I semi di cumino nero provengono da una pianta di origine asiatica, la Nigella Sativa della famiglia delle Ranunculaceae. Sono ricchi di vitamine B1, B2, B3 e contengono minerali come: calcio, acido folico, ferro, zinco, rame e altri elementi come acido oleico e acido linoleico. È proprio dai semi di cumino nero che si ricava il tanto apprezzato olio, utilizzato per il trattamento di patologie respiratorie, problemi digestivi, per migliorare le funzioni renali ed epatiche, ma anche per problemi cardiovascolari e malattie della pelle. Un valido aiuto, inoltre, per le difese immunitarie e per implementare il benessere generale corporeo.

Sono numerosi gli studi scientifici che hanno sottolineato i benefici concreti del cumino come antibatterico naturale, per curare il diabete e per la sua azione depuratoria nell’intestino, oltre che come prodotto di bellezza. Non vi resta che provare il mitico olio di cumino nero per ritrovare il vostro benessere corporeo.

L’olio di cumino nero può essere adoperato per via interna o esterna e il dosaggio consigliato nel primo caso è di 1 o 2 cucchiai al giorno insieme ad un po’ di miele, per addolcirne il sapore. Per uso esterno, si può sperimentare l’olio di cumino nero seguendo gli insegnamenti della medicina Ayurvedica, cioè spalmandolo delicatamente sul corpo prima di fare la doccia con l’acqua calda, almeno una volta a settimana.

Alleato della dieta: molti studi hanno dimostrato come la Nigella regoli i livelli di zucchero nel sangue e in particolare la sua efficacia nella riduzione del glucosio a digiuno nel trattamento del diabete. E’ utile inoltre come epatoprotettore e utile per ridurre i livelli di colesterolo LDL (cioè quello cattivo) e dei trigliceridi. Pare che il cumino nero sia tra le piante che hanno maggior efficacia nella lotta all’obesità: un valido aiuto nel recuperare la forma fisica in caso di aumento di peso.
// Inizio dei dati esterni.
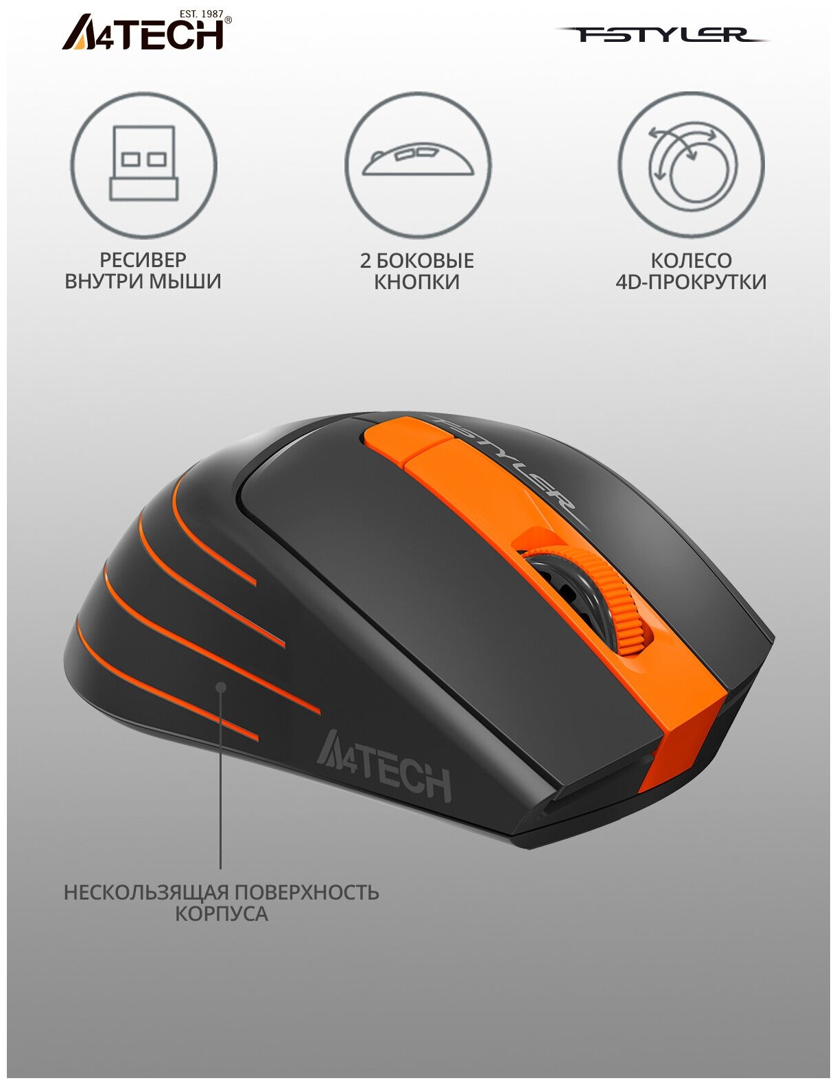 Компьютерная мышь A4Tech "Fstyler", беспроводная, 2000 dpi, серо-оранжевая (FG30)

Olio di cumino nero: un prodotto di bellezza naturale

L’olio di cumino nero è molto ricercato per la cura del nostro corpo e come prodotto di bellezza. Per i capelli è utilizzato come impacco nutriente e antiforfora dopo lo shampoo per migliorare la lucentezza della chioma e combatterne la secchezza. Per la pelle è un vero toccasana, in caso di infiammazioni e per ridurre le cicatrici. È un prodotto levigante e utile per la pelle secca, anche in caso di psoriasi ed eczema. Ma dove si compra l’olio di cumino nero? Lo trovate nelle erboristerie, nei negozi bio, in quegli etnici e negli store online. Importante acquistare un olio biologico spremuto a freddo e composto da cumino nero al 100%, senza altri ingredienti associati e meglio se in confezione di vetro. Conservate bene il prodotto e al buio, in un posto senza umidità.

Le controindicazioni dell’olio di cumino nero non sono molte, ma non va assunto per via interna in caso di gravidanza e allattamento, perché potrebbe portare a delle contrazioni uterine. Rivolgetevi ad un medico anche in caso di patologie o allergie.